Anybody involved with the introduction of new technology into the construction industry knows that it is a slow and laborious process. This edition of Technical Talk discusses some of the activities that are underway to remove barriers to the use of high performance concrete (HPC) in construction.

Technology transfer

One of the biggest challenges in the construction industry is transferring knowledge from those who have it to those who need it. When high-strength concrete was first used in the building industry, knowledge of the means to produce and test it resided within the companies involved in developing the technology. With the publication of state-of-the-art reports and recommended practices by the American Concrete Institute (ACI), this information came into the public domain, enabling others to learn. This process continues today with the additional ACI policy that their documents not inhibit or preclude the use of HPC.

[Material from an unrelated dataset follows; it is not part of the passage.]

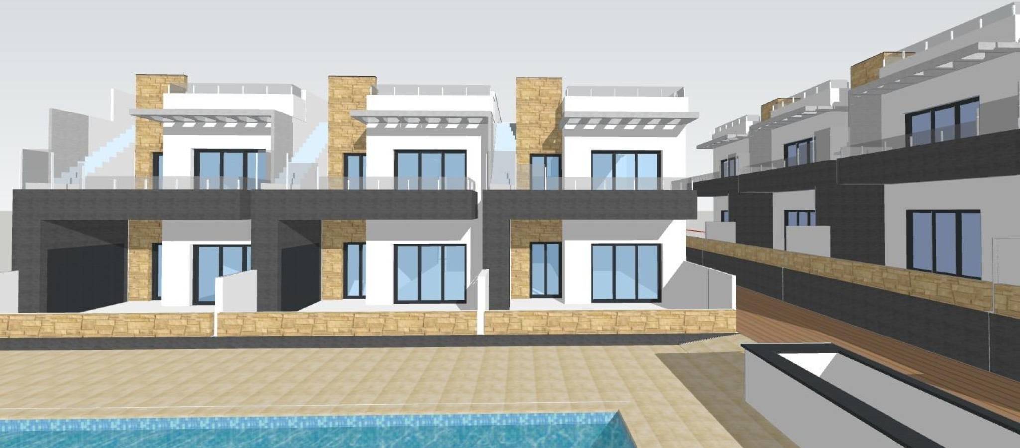 Nye bungalower til salgs i Bigastro Moderne boende på Costa Blanca Sør Eksklusivt boligprosjekt med 14 moderne boliger Oppdag dette nye boligprosjektet med 14 moderne bungalower i Bigastro, Alicante. Prosjektet ligger i et voksende område av byen, i gangavstand fra sentrum, og tilbyr komfort, stil og utmerket verdi i et fredelig middelhavsmiljø. Hver bolig er designet med høykvalitets finish og funksjonelle planløsninger som er ideelle for både permanent boende og ferieopphold. Moderne boliger med valg mellom planløsninger i første eller øverste etasje Prosjektet tilbyr romslige boliger med 3 soverom og 2 bad, inkludert eget bad i hovedsoverommet. Kjøpere kan velge mellom bungalower i første etasje med store private terrasser eller enheter i øverste etasje med terrasse og privat solarium på taket med åpen utsikt. Alle boliger har en underjordisk parkeringsplass og et bod, noe som gir maksimal bekvemmelighet. Komfort, design og energieffektivitet Hver bungalow har et åpent kjøkken integrert i stuen, innebygde garderober, en privat terrasse og forhåndsinstallert luftkondisjonering. Varmt vann leveres av et effektivt aerotermisk system, som sikrer lavere energiforbruk. Utbyggingen inkluderer også et stort felles svømmebasseng omgitt av vakre hager, perfekt for å slappe av og nyte det solrike klimaet på Costa Blanca. Førsteklasses beliggenhet med utmerkede transportforbindelser Bigastro er en sjarmerende by i Vega Baja-regionen, kjent for sin rolige atmosfære, lokale fasiliteter og utmerkede transportforbindelser. Fra dette boligområdet kan beboerne enkelt nå Bigastro sentrum 0,5 km Orihuela 5 km Playas de Guardamar del Segura 15 km Centro Comercial Zenia Boulevard 20 km Aeropuerto Internacional de Alicante 48 km Hospital Vega Baja 10 km Motorveien AP 7 gir rask tilgang til Alicante, Murcia og de omkringliggende kystbyene, noe som gjør Bigastro til et ideelt sted både å bo og pendle fra. Et voksende område med alle nødvendige tjenester Bigastro tilbyr supermarkeder, skoler, idrettsanlegg, parker og en rekke lokale butikker og restauranter. Kombinasjonen av bekvemmelighet, fredelige omgivelser og gode transportforbindelser har gjort det til et stadig mer populært boligområde for både lokale og internasjonale kjøpere. Sikre deg ditt nye hjem i Bigastro i dag Enten du er på jakt etter et moderne feriested eller en komfortabel bolig for hele året, er dette nybyggprosjektet i Bigastro en mulighet du ikke bør gå glipp av. Kontakt oss nå for mer informasjon eller for å avtale en visning.

When the Federal Highway Administration (FHWA) initiated a more widespread use of HPC in bridge structures, the method of implementation consisted of sponsoring HPC bridge demonstration projects in combination with showcase workshops in the different FHWA regions. Information presented in these workshops has now been combined into seven training modules that are available from the Transportation Industrial Alliance at the University of Florida, Gainesville (see sidebar).

As part of the FHWA program, partnerships were formed with state highway departments, industry, and academia to assist the local industry with HPC bridge construction while providing academia an opportunity for further research. Now available on a compact disc from FHWA is a compilation of information on the HPC projects and the results achieved.

Data gathered on HPC projects is also available in a bimonthly newsletter called HPC Bridge Views. This newsletter is published jointly by the FHWA and the National Concrete Bridge Council (NCBC). Free subscriptions are available by contacting NCBC. The FHWA, in cooperation with the Precast/Prestressed Concrete Institute, has sponsored symposia on High Performance Concrete in 1997 and 2000. A third symposium is scheduled for October 2003.

Structural design

Many of the design provisions contained in documents such as the ACI Building Code Requirements for Structural Concrete (ACI 318) and AASHTO Bridge Design Specifications are based on empirical relationships that include the concrete compressive strength. Most of these provisions were developed on the basis of concrete with compressive strengths less than about 6,000 psi (41 MPa). With the publication of the 1989 version of ACI 318, restrictions were placed on the maximum concrete compressive strengths that could be used in design for shear strength, development length, and splices of reinforcement. These restrictions were necessary because sufficient information was not available to demonstrate the applicability of the provisions to higher strength concretes.

Subsequently, ACI formed a subcommittee on High Performance Concrete to provide leadership and technical guidance on high performance concrete for all ACI activities. The subcommittee in cooperation with the National Institute of Standards and Technology undertook a review of ACI 318 to identify provisions that are impacted by the use of HPC. This review culminated in several high-priority recommendations presented to Committee 318. Changes resulting from several of the recommendations are expected to appear in the 2002 edition of ACI 318. In the meantime, work is still underway on other modifications.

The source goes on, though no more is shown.